大阪府と大阪市の水道事業統合構想に絡み、大阪市を除く府内42市町村は30日、臨時首長会議を開き、府市の水道統合に反対したうえで、大阪市を除いた市町村で府水道部の事業を継承する一部事務組合(企業団)を平成23年4月に結成することを正式に決めた。府内の水道料金をめぐっては、府水道部が今春から卸値を下げる方針を出しているが、会議の開催を呼びかけた竹山修身堺市長は同日、「企業団になれば、さらなる値下げが可能」と言及。将来的には大阪市にも企業団への参加を呼びかける意向を明らかにした。
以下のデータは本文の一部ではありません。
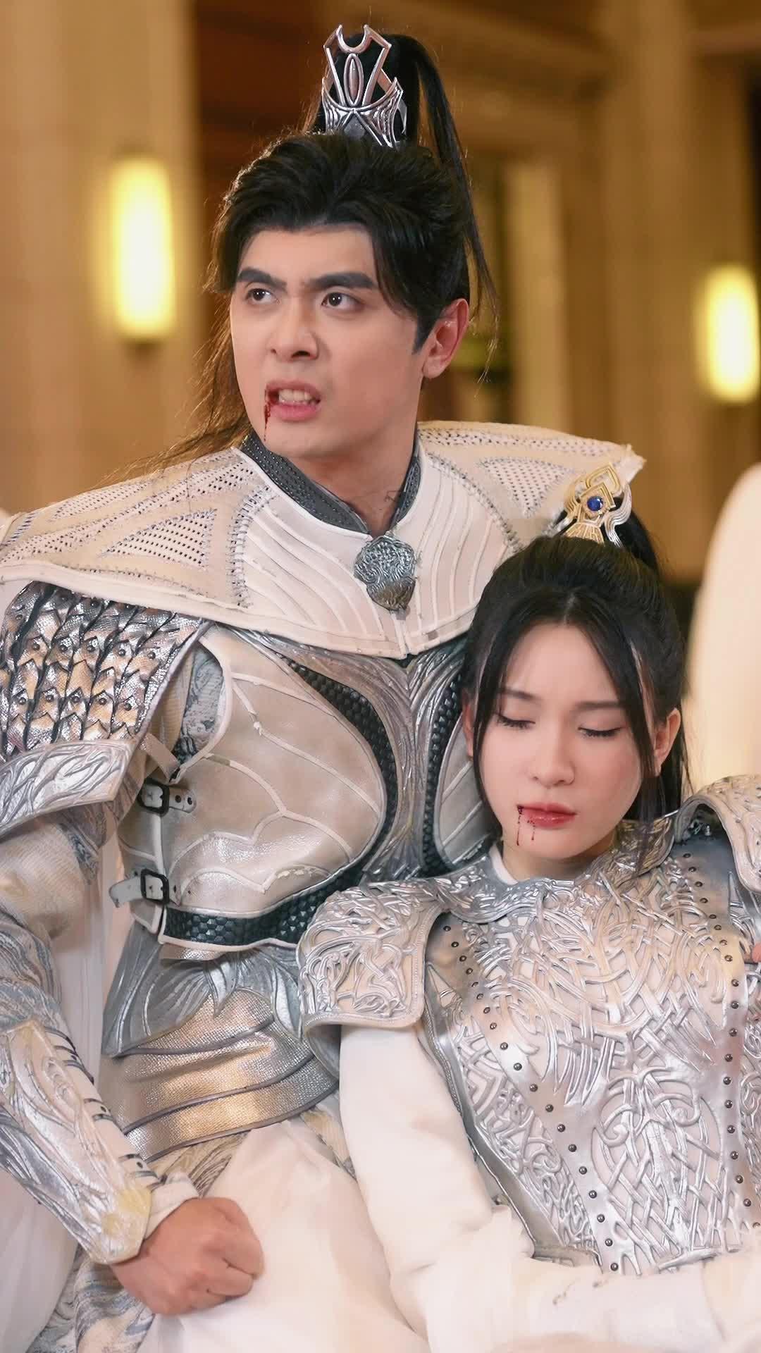 Let’s talk about what just unfolded in that opulent banquet hall—because if you blinked, you missed a full mythological crisis. Delivery Hero: Rise of the Loong isn’t just another fantasy drama; it’s a high-stakes emotional rollercoaster wrapped in silver armor and chandelier-lit grandeur. The opening shot alone—Xiao Yan cradling Ling Dong, both bleeding from the mouth, eyes wide with shock—sets the tone: this isn’t a battle won by swords alone. It’s a war fought in glances, in trembling hands, in the way Xiao Yan’s fingers tighten around Ling Dong’s arm like he’s afraid she’ll vanish if he loosens his grip even slightly. Their costumes? Impeccable. Silver filigree armor, layered with translucent white fabric that catches the light like moonlight on water—yet every detail screams exhaustion, trauma, sacrifice. That blood trickling from Ling Dong’s lips isn’t just makeup; it’s narrative punctuation. She doesn’t scream. She doesn’t collapse. She looks up at Xiao Yan with quiet devastation, as if her entire world has cracked open but she’s still trying to hold the pieces together for him. And Xiao Yan—he’s not crying. He’s *processing*. His jaw is set, his breath shallow, his gaze darting between her face and something off-screen that we don’t yet see. That hesitation? That’s the heart of Delivery Hero: Rise of the Loong. It’s not about who’s stronger—it’s about who’s willing to break first.

 会議には、大阪市を除く府内42市町村の首長や水道事業の管理者らが出席。大阪市を中心にして府内全域の水道事業を運営する「コンセッション方式」について「42市町村の意見が無視される」など否定的な意見が相次ぐ一方、企業団方式については「効率化による料金値下げが可能」といった理由で賛成意見が集まり、全会一致で企業団結成が決まった。

 水道事業には、水源から取水し、浄水したうえで家庭などに給水する工程があり、大阪市を除く市町村は、府水道部が取水、浄水、市町村が給水を担当している。企業団結成で府水道部の組織は解消され、市町村が共同して取水、浄水を担当することになる。

 また、4人家族の平均的な1カ月の水道使用量(20立方メートル)の料金は府内で最も高い能勢町が4552円であるのに対し、吹田市は1937円と格差の課題もあるが、府市長会長の倉田薫池田市長は「企業団の結成で、料金格差を解消できる可能性も出てきた」と語った。

 一方、府市の水道事業統合構想が決裂したことを受け、大阪市の平松邦夫市長は「市町村が(大阪市と)異なる判断をしたということで、評価は控えたい」とコメントした。